== Task statement ==
Would you copy the records exactly, leaving the pictures out?

[Excerpts from a dataset]
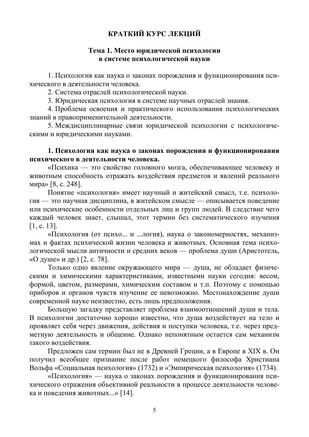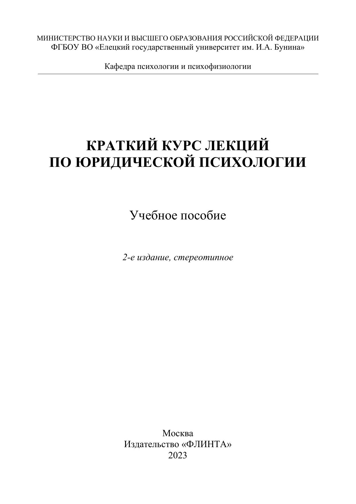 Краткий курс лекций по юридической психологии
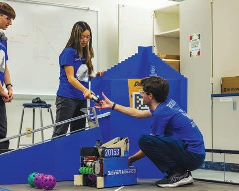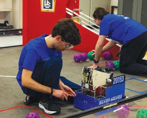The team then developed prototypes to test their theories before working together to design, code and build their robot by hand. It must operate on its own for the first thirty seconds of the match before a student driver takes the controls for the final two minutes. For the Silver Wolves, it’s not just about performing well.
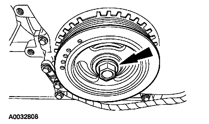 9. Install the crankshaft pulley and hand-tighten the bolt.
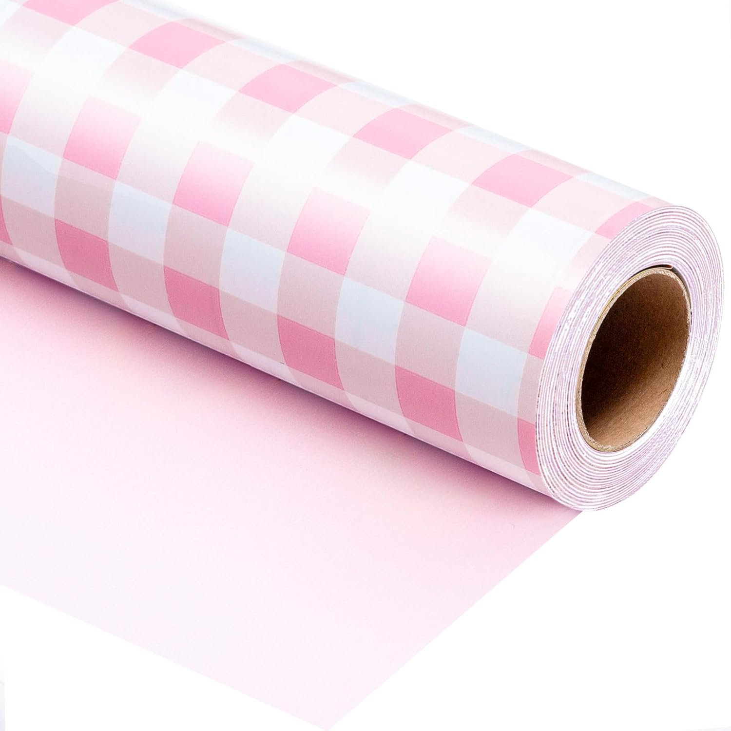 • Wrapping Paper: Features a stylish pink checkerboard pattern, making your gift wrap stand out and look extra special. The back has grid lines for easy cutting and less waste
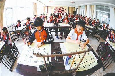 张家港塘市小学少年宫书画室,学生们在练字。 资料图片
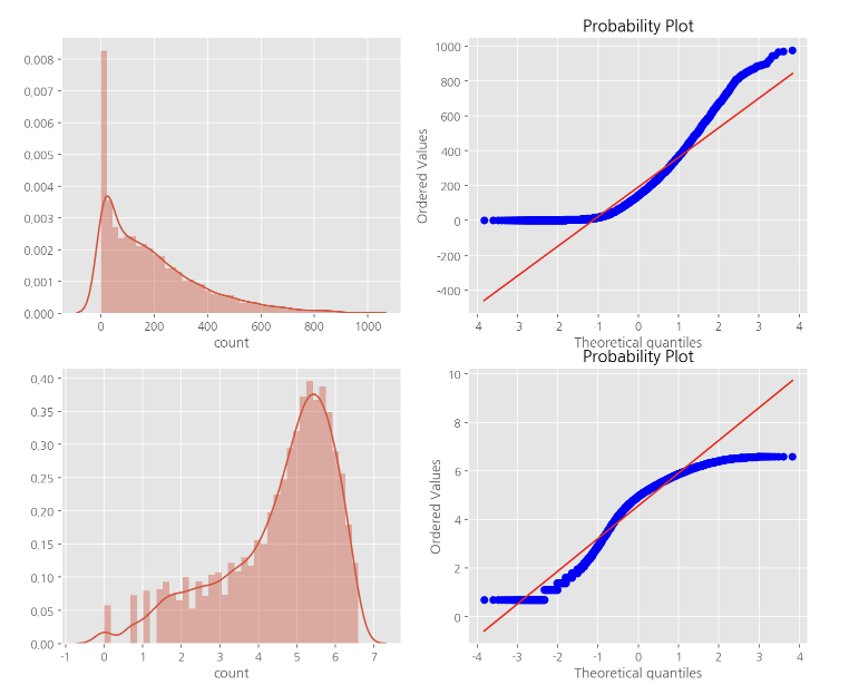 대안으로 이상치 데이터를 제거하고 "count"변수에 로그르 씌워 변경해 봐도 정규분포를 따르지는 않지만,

== Output for this task ==
 Краткий курс лекций по юридической психологии
The team then developed prototypes to test their theories before working together to design, code and build their robot by hand. It must operate on its own for the first thirty seconds of the match before a student driver takes the controls for the final two minutes. For the Silver Wolves, it’s not just about performing well.
 9. Install the crankshaft pulley and hand-tighten the bolt.
 • Wrapping Paper: Features a stylish pink checkerboard pattern, making your gift wrap stand out and look extra special. The back has grid lines for easy cutting and less waste
 张家港塘市小学少年宫书画室,学生们在练字。 资料图片
 대안으로 이상치 데이터를 제거하고 "count"변수에 로그르 씌워 변경해 봐도 정규분포를 따르지는 않지만,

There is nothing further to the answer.